While practicing Simple Linear Regression Model I got this error:
ValueError: Expected 2D array, got scalar array instead:
array=60.
Reshape your data either
The ValueError is fairly clear, predict expects a 2D array but you passed a scalar.
hgt = np.random.randint(50, 70, 10).reshape(-1, 1)
wgt = np.random.randint(90, 120, 10).reshape(-1, 1)
from sklearn.linear_model import LinearRegression
from sklearn.metrics import r2_score
regression = LinearRegression()
regression.fit(hgt,wgt)
regression.predict([[60]])
You get
array([[105.10013717]])
Short answer:
regression.predict([[60]])
Long answer:
regression.predict takes a 2d array of values you want to predict on. Each item in the array is a "point" you want your model to predict on. Suppose we want to predict on the points 60, 52, and 31. Then we'd say regression.predict([[60], [52], [31]])

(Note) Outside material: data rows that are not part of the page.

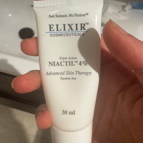 Elixir Niactil 4% hudpleieprodukt med 100 ml innhold. Produktet er utviklet for avansert hudbehandling og inneholder en 4% konsentrasjon av aktiv ingrediens.
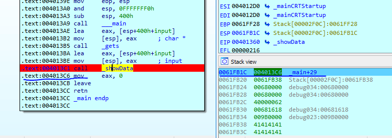 We can see the above return address of the stack is still good which point to the original address in the main function 004013C6. Now lets do overflow
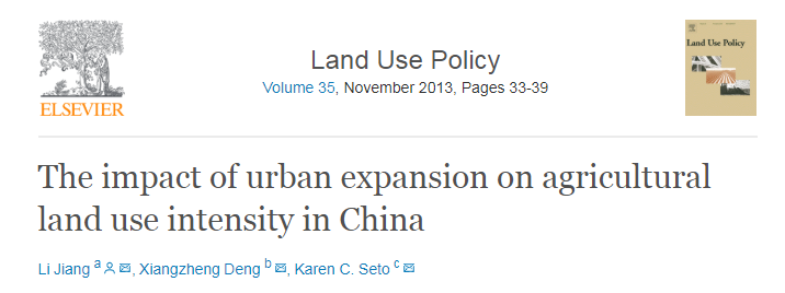 The impact of urban expansion on agricultural land use intensity in ChinaLi Jiang, Xiangzheng Deng, Karen C. Seto
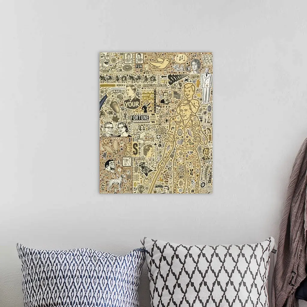 Mixed media abstract art with hundreds of found elements, including text, illustrations, and symbols.

The reason we need a 2d array is because we can do linear regression in a higher dimension space than just 2d. For example, we could do linear regression in a 3d space. Suppose we want to predict "z" for a given data point (x, y). Then we'd need to say regression.predict([[x, y]]).

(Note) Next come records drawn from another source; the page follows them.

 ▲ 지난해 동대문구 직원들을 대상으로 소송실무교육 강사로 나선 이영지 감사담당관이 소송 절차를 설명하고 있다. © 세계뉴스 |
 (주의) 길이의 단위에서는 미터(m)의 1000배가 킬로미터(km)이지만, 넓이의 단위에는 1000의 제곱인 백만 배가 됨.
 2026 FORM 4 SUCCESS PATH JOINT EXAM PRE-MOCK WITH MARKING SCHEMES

Taking this example further, we could predict "z" for a set of "x" and "y" points. For example, we want to predict the "z" values for each of the points: (0, 2), (3, 7), (10, 8). Then we would say regression.predict([[0, 2], [3, 7], [10, 8]]) which fully demonstrates the need for regression.predict to take a 2d array of values to predict on points.